Du hast Mathematik und Musik studiert. Wie geht es Dir damit?
Beim Nachdenken darüber habe ich mich an ein Gedicht von Heinrich Heine erinnert:
Das macht den Menschen glücklich,
Das macht den Menschen matt,
Wenn er drei sehr schöne Geliebte
Und nur zwei Beine hat.
Der einen lauf ich des Morgens,
Der andern des Abends nach;
Die dritte kommt zu mir des Mittags
Wohl unter mein eignes Dach.
Lebt wohl, ihr drei Geliebten,
Ich hab zwei Beine nur,
Ich will in ländlicher Stille
Genießen die schöne Natur.
Das Gedicht habe ich in der U-Bahn gelesen.
Da ist von drei Geliebten die Rede. Wer ist, neben der Mathematik und der Musik, Deine dritte Geliebte?
So genau will ich es nicht nehmen.
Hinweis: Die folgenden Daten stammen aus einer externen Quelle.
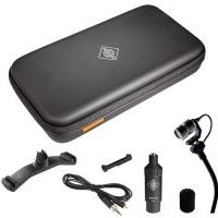 Complete set for using the Miniature Clip Mic system on the strings of a double bass behind the bridge. Contains: KK 14 capsule, SH 150 gooseneck, KC 1 cable brace, AC 31 cable, MCM 100 output stage, WS 110 wind shield, MC 3 clip. Delivered in a handy soft case.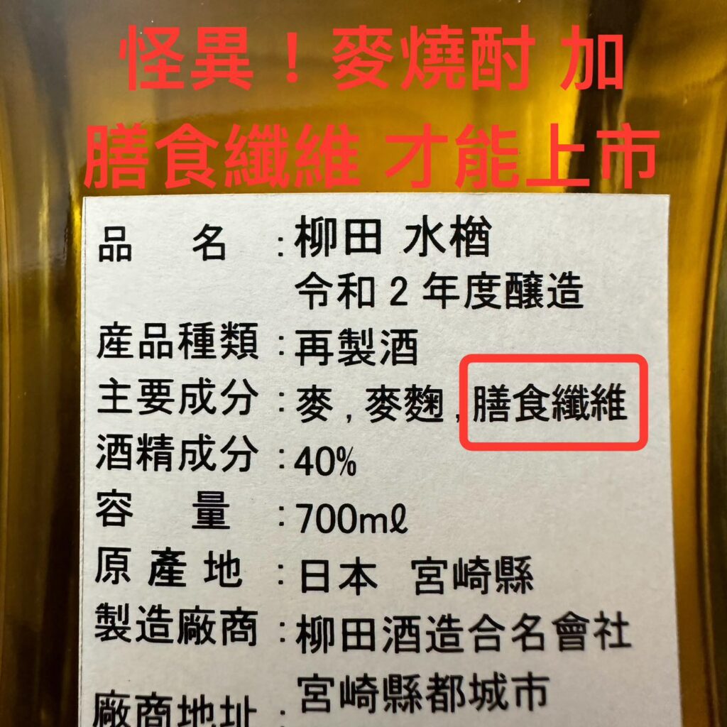 麥燒酎(類日威)為何要加 膳食纖維?不加還不能販售!故事要從酒友介紹的「柳田 水楢桶」開始,買回來後發現居然有這成分,開始做了些研究,原來這跟日本酒稅法有直接關係,是一種「奇妙的廠商與政府法令間的折衷方案」,而且這樣進口台灣說不定還能省很多稅?<文末補充 進口大神寶貴經驗>

Das Gedicht sagt aber schon, dass man sich für die eigene Entwicklung von Zwängen befreien muss. Bei mir ist es der Gedanke, nach meinem Musikstudium weiterhin professionell musizieren zu können.
Du hast also einen Abschluss in Musik?
Ich bin B-Kirchenmusiker. Das Studium ist ein Bachelor mit 8 Semestern Regelstudienzeit. Ich spiele Orgel.
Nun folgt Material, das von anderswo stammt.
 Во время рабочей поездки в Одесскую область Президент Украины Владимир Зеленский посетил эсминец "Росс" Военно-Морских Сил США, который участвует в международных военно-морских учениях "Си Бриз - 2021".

Sind die Studiengänge Mathematik und Kirchenmusik Bachelor vergleichbar?
Mathematik- und Musikstudium kann man schwer vergleichen. Ich musste im Musikstudium mental viel mehr an meine Grenzen gehen. Aber vielleicht lieg das auch daran, dass ich erst mit 25 und schon erfahrener mit Mathematik angefangen habe. Das durchschnittliche Niveau der Musikstudierenden ist viel höher. Das liegt aber an den harten Aufnahmeprüfungen in Musik. Besteht man die Aufnahmeprüfung (und wird dann auch aufgenommen), so fällt man (zumindest kenne ich es so) durch keine weiteren Prüfungen. Man wird fast nur einzeln unterrichtet, was den Staat viel Geld kostet. Die Kirchenmusik-Studiengänge (es gibt Bachelor und Master) gehören zu den teuersten. Dementsprechend gering ist aber die Anzahl der Studierenden.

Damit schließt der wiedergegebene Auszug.